* Action item *
Retype the listing below line for line, but only from the line with "25 | 100,0 |" down to the line with "国务院日前印发《关于推进普惠", inclusive. Pictures stay out.

* Raw data *
= Beginning of Section =
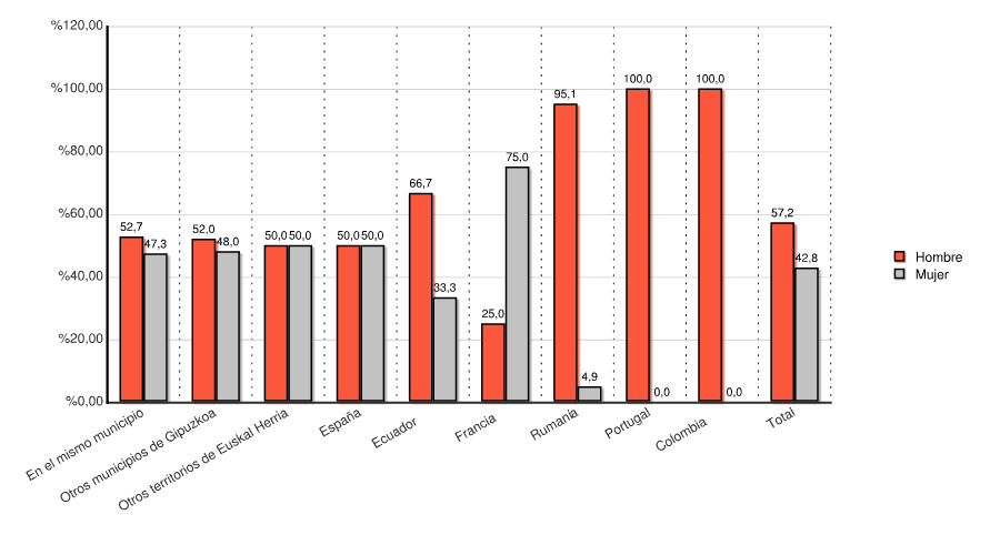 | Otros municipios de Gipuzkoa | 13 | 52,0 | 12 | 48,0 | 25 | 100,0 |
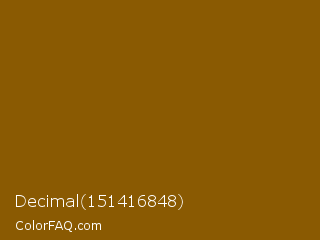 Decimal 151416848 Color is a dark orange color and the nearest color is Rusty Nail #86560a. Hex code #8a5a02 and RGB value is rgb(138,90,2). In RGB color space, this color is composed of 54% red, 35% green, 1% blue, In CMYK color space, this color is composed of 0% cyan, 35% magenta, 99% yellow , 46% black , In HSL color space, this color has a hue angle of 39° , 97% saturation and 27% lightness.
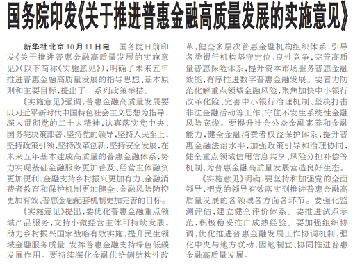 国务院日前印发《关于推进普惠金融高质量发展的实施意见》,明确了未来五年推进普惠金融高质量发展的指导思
= End of Section =
= Beginning of Section =
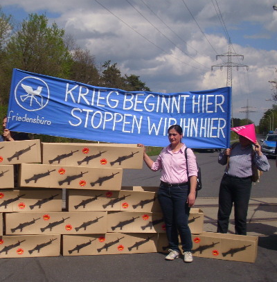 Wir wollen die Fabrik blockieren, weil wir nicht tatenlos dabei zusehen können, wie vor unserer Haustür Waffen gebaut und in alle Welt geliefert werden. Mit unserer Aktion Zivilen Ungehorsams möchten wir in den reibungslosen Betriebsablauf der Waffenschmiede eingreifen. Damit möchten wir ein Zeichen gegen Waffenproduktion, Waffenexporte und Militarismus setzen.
= End of Section =
= Beginning of Section =
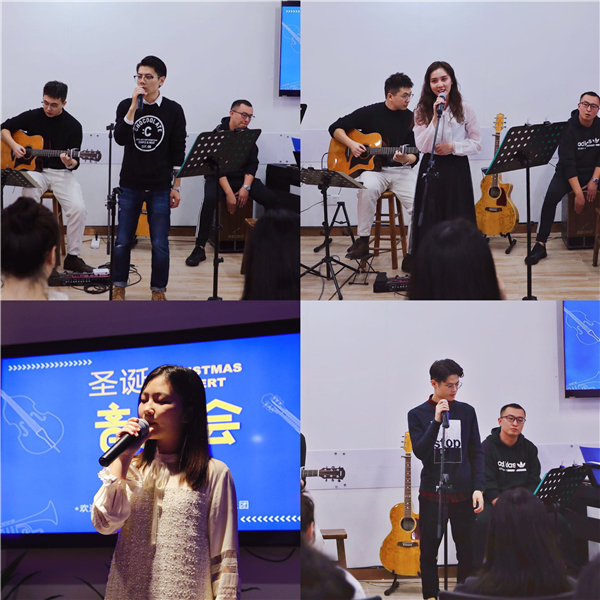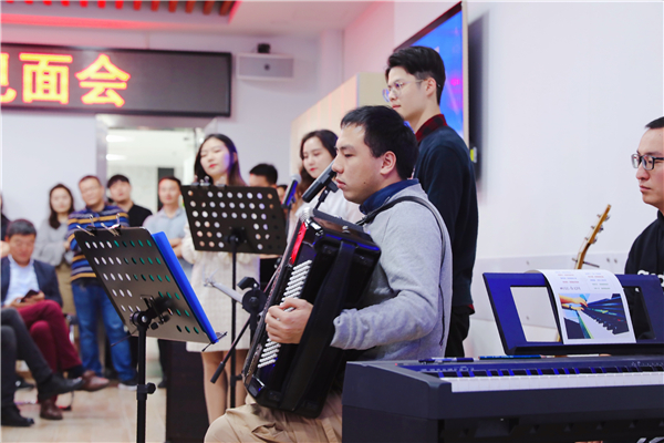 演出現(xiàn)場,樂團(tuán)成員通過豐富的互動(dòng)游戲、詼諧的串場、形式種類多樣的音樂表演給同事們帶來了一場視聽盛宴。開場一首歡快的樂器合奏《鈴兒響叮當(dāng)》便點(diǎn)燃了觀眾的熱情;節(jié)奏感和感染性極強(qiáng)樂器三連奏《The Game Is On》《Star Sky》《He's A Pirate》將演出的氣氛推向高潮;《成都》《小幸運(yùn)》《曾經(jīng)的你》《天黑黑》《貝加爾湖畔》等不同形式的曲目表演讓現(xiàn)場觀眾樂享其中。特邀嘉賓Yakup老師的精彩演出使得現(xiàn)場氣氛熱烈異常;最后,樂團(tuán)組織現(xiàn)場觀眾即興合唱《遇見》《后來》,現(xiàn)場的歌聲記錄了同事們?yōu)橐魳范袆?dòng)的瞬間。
= End of Section =
* Expected answer *
 | Otros municipios de Gipuzkoa | 13 | 52,0 | 12 | 48,0 | 25 | 100,0 |
 Decimal 151416848 Color is a dark orange color and the nearest color is Rusty Nail #86560a. Hex code #8a5a02 and RGB value is rgb(138,90,2). In RGB color space, this color is composed of 54% red, 35% green, 1% blue, In CMYK color space, this color is composed of 0% cyan, 35% magenta, 99% yellow , 46% black , In HSL color space, this color has a hue angle of 39° , 97% saturation and 27% lightness.
 国务院日前印发《关于推进普惠金融高质量发展的实施意见》,明确了未来五年推进普惠金融高质量发展的指导思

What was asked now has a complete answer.